Verification bundle retention. For each governance event, the verification bundle (leaf hash, sibling path, signed root) must be retained alongside the governance record. If only the governance record is retained without the bundle, later verification requires reconstructing the bundle from the tree state, which depends on the tree state being available. Retaining the bundle with the record makes verification independent of tree availability.
Root log consistency. The sequence of roots in the append-only log must be consistent: each root must be reachable from the previous root by the addition of one or more leaves. AffixIO performs a consistency check after each root publication: the new root must produce a valid consistency proof against the previous root (a standard Certificate Transparency consistency proof). Consistency proof failures halt root publication and trigger an operational alert.
Conclusion
Merkle tree audit architecture provides AI governance audit trails with tamper-evidence and independent verifiability that log-based approaches cannot match. The SHA-256 sorted-pair scheme ensures that the same set of governance events always produces the same root. The append-only roots log ensures that no root is deleted or overwritten. The ML-DSA-65 signing ensures that roots remain unforgeable against future quantum attacks. The self-contained verification bundle enables any third party to verify any governance record without querying AffixIO's infrastructure.

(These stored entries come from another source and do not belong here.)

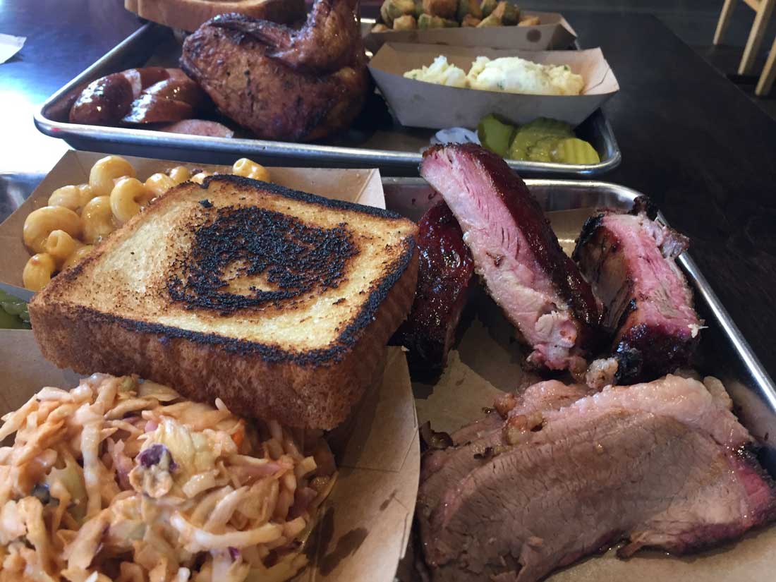 My guest and I each went for the Double Down ($13.99), a combo of two meats and two sides. Each of the butcher-paper-covered metal trays were pouring over with food, including buttery Texas toast, pickles, and an ample supply of fresh onions.
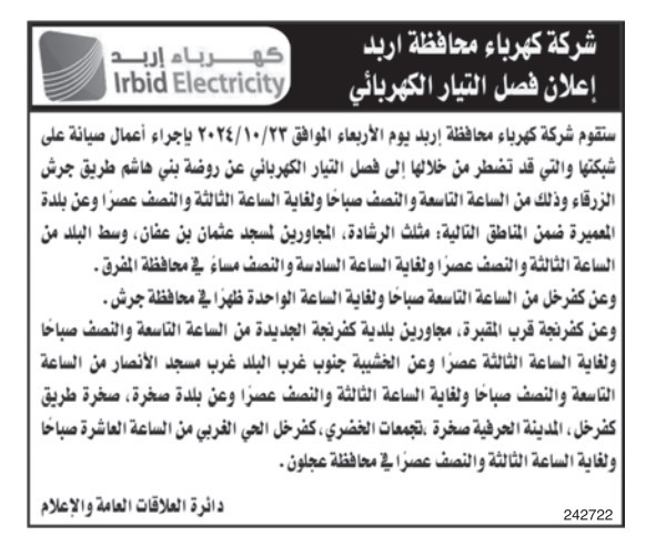 أعلنت شركة كهرباء إربد عن نيتها فصل التيار الكهربائي يوم الأربعاء المقبل عن عدة مناطق في ثلاث محافظات، وذلك لإجراء أعمال صيانة دورية على الشبكة الكهربائية. تأتي هذه الإجراءات في إطار حرص الشركة على تحسين جودة الخدمة وضمان استمرارية التيار الكهربائي بكفاءة عالية. وفيما يلي تفاصيل المناطق التي ستتأثر بانقطاع التيار الكهربائي ومدة الفصل:
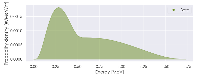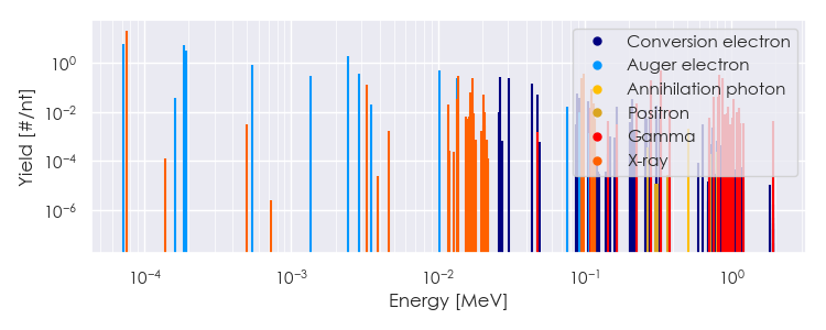 Spectra source: ICRP Publication 107: Nuclear Decay Data for Dosimetric Calculations. Ann. ICRP 2008, 38 (3).
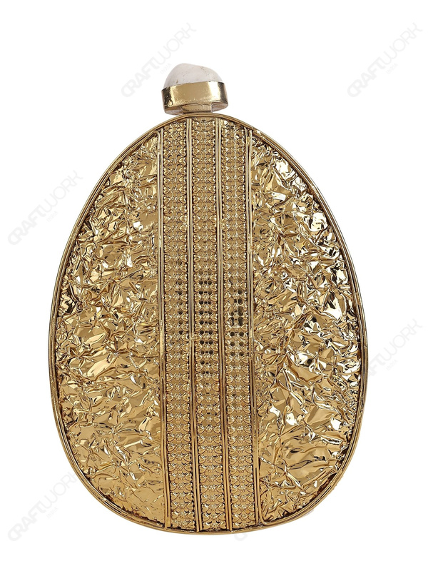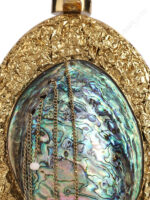 The front is built around an iridescent abalone shell centerpiece, selected for its naturally shifting multi-tone surface. A bold, textured gold-finish surround creates a high-contrast frame that reads clearly in merchandising, photography, and in-hand presentation.

These are not incremental improvements on log-based audit trails. They represent a qualitative change in what kind of evidence AI governance records constitute. A Merkle-anchored, post-quantum-signed AI governance record is a cryptographic artefact whose integrity is guaranteed by mathematics and verifiable by anyone. This is the appropriate foundation for AI audit trails in regulated contexts where decisions may be challenged years after they were made.
Frequently asked questions
Why sorted-pair Merkle hashing?
Lexicographic ordering removes ambiguity in parent hash computation and matches Certificate Transparency practice.
What does an inclusion proof contain?
The leaf hash, sibling path, and signed root let verifiers recompute the root without AffixIO infrastructure access.
How often are roots signed?
After each batch of proof insertions, with roots published to an append-only log.